We may engage in debates about cloning or stem cell research, but all too often, these discussions can be grounded in the immediately emotional or the visceral reactions that impassioned opinions without a strong foundation engender. We can know many facts or we can be privy to the technicalities of the particular issue, but do we actually grapple with the human, and humane, side of these issues? We may have a great deal of information and even knowledge, but we may find ourselves without the wisdom that comes from the study of the way that other societies have grappled with similar issues or the manner we have dealt with similar, but not necessarily the same, dilemmas in the past.

We must know the science to inform ourselves on the topic. but we must also avail ourselves of the thinking from previous times. As McClay says about the humanities, "the knowledge they (the humanities) convey is not a rough, preliminary substitute for what psychology, chemistry, molecular biology, and physics will eventually resolve with greater finality. They are an accurate reflection of the subject they treat, the most accurate possible."

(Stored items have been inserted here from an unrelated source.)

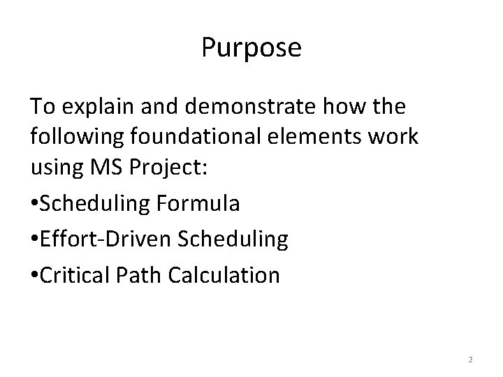 Purpose To explain and demonstrate how the following foundational elements work using MS Project: • Scheduling Formula • Effort-Driven Scheduling • Critical Path Calculation 2
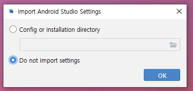 만약 아래와 같은 화면이 뜬다면, 이전에 설치한 이력이 있는 것이다. 그래서 이전의 설정을 가져올 것인지 묻는 것이다.만약 처음 설치하는 것이라고 하면, Do not import settings 그대로 둔 상태로 OK를 누른다.
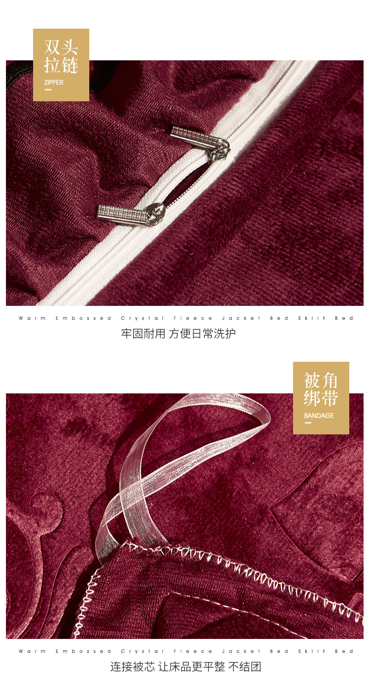 (总)宜凡家纺 2025新款婴儿绒压花全夹棉床裙四件套,韵雅-中国红,韵雅-黑天鹅
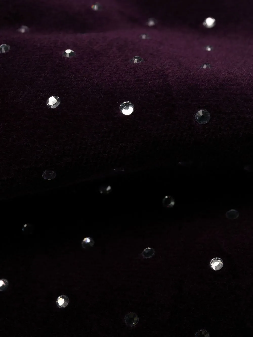 Фиолетовый, хлопок, бархатистое покрытие, декор из кристаллов, прямой крой, потайная застежка спереди и петли для ремня.
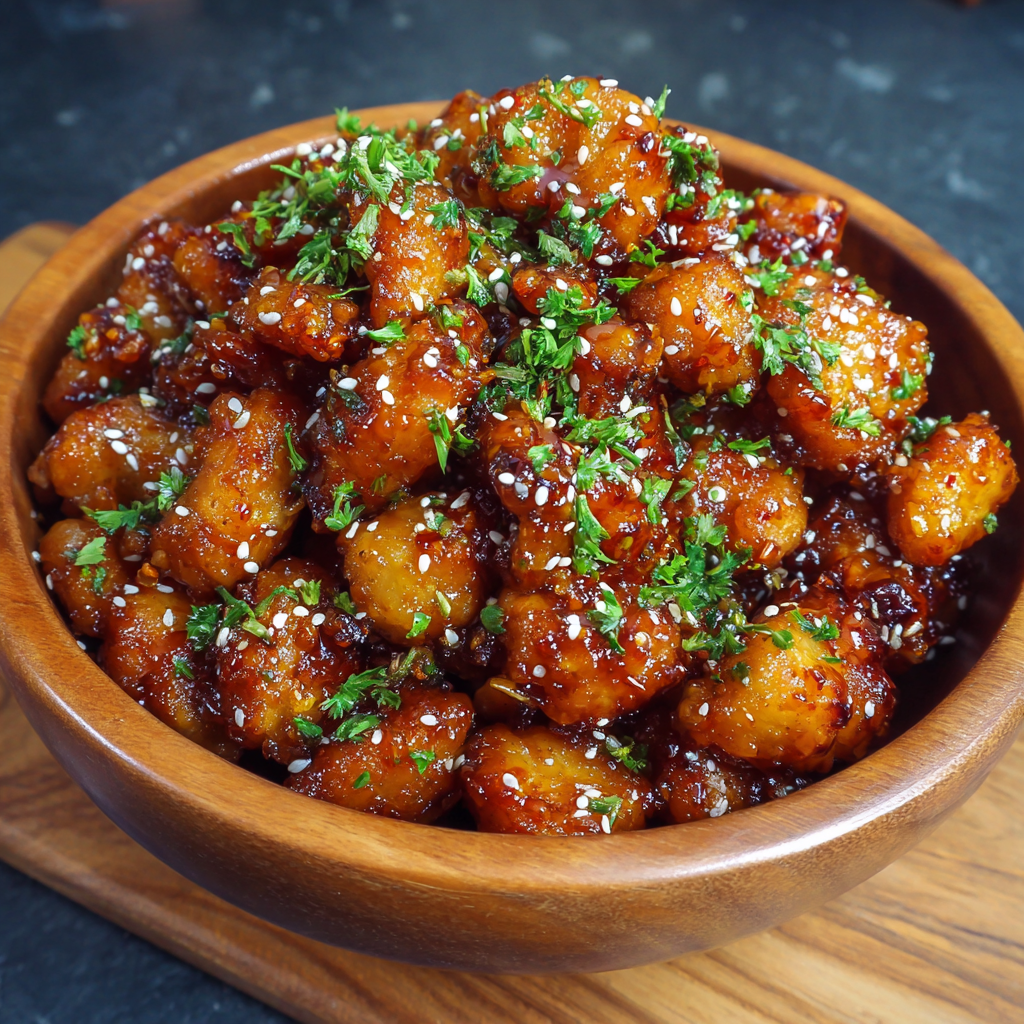 - Finish & serve: Garnish with sesame seeds and chopped green onions. Serve hot with rice, noodles, or as a finger food.
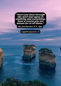 09) ”Don’t just float through life; don’t just agree to anything and everything, have a course you are known for at all times.”
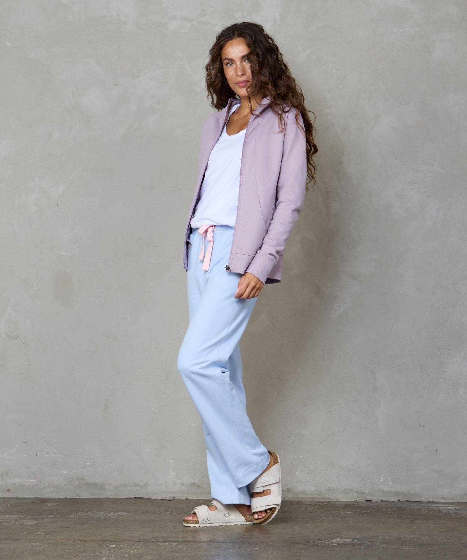 Our new Zip Up Hoodie is trending Dusty Rose is made with certified organically grown cotton and designed with a high neckline for extra coverage and full zip for a more structured fit. Paired perfectly with our matching Chloe Lux Jogger in Dusty Rose with a Navy Drawstring.
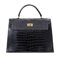 Hermès vintage Kelly 32 anni '40 in coccodrillo con metalleria dorata. Completa di clochette con chiave, lucchetto, libretto per la cura dei materiali e dustbag originali. Accompagnata da ricevuta del servizio post vendita Hermès per restauro. Buone condizioni.
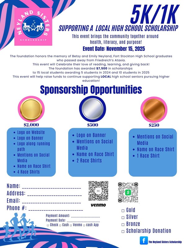 NEYLAND SISTERS 5K/1K Run & Walk EVENT https://www.fort-stockton.lib.tx.us/news-events/neyland-sisters-5k-1k-run-walk-1 https://www.fort-stockton.lib.tx.us/@@site-logo/FSPB-roadrunner-book-V2.eps.png NEYLAND SISTERS 5K/1K Run & Walk EVENT

Integrating a study of Sophocles' Oedipus Rex or Mary Shelly's Frankenstein into a discussion of genetic modification may allow us to wrestle with the role of science in our lives with a more informed sense of fate or the terrors of science run amok. Similarly, it is helpful to place our current caustic debates over health care in the context of history. South Carolina Congressman Joe Wilson's shouting "you lie" to President Obama may have been offensive but one could argue that it pales in comparison to1856 when his South Carolinian predecessor Preston Brooks used his cane to beat Massachusetts senator Charles Sumner senseless on the floor of the Senate during a debate over slavery.

I recently said in a speech that we want our students to see the music of math and the art of science. A fully formed human being has the knowledge of the sciences combined with the wisdom of the humanities.
To quote McClay again, "The humanities, rightly pursued and rightly ordered, can do things, and teach things, and preserve things, and illuminate things, which can be accomplished in no other way. It is the humanities that instruct us in the range and depth of human possibility, including our immense capacity for both goodness and depravity. It is the humanities that nourish and sustain our shared memories, and connect us with our civilization's past and with those who have come before us. It is the humanities that teach us how to ask what the good life is for us humans, and guide us in the search for civic ideals and institutions that will make the good life possible."

All good schools, including Crossroads College Prep, attempt to provide students with an education that balances the sciences and the humanities, and shows students how they are in fact interconnected. In this way, students can feel well-equipped to grapple with the conflicts facing them and their world and make decisions based not only on what is effective but also what is right.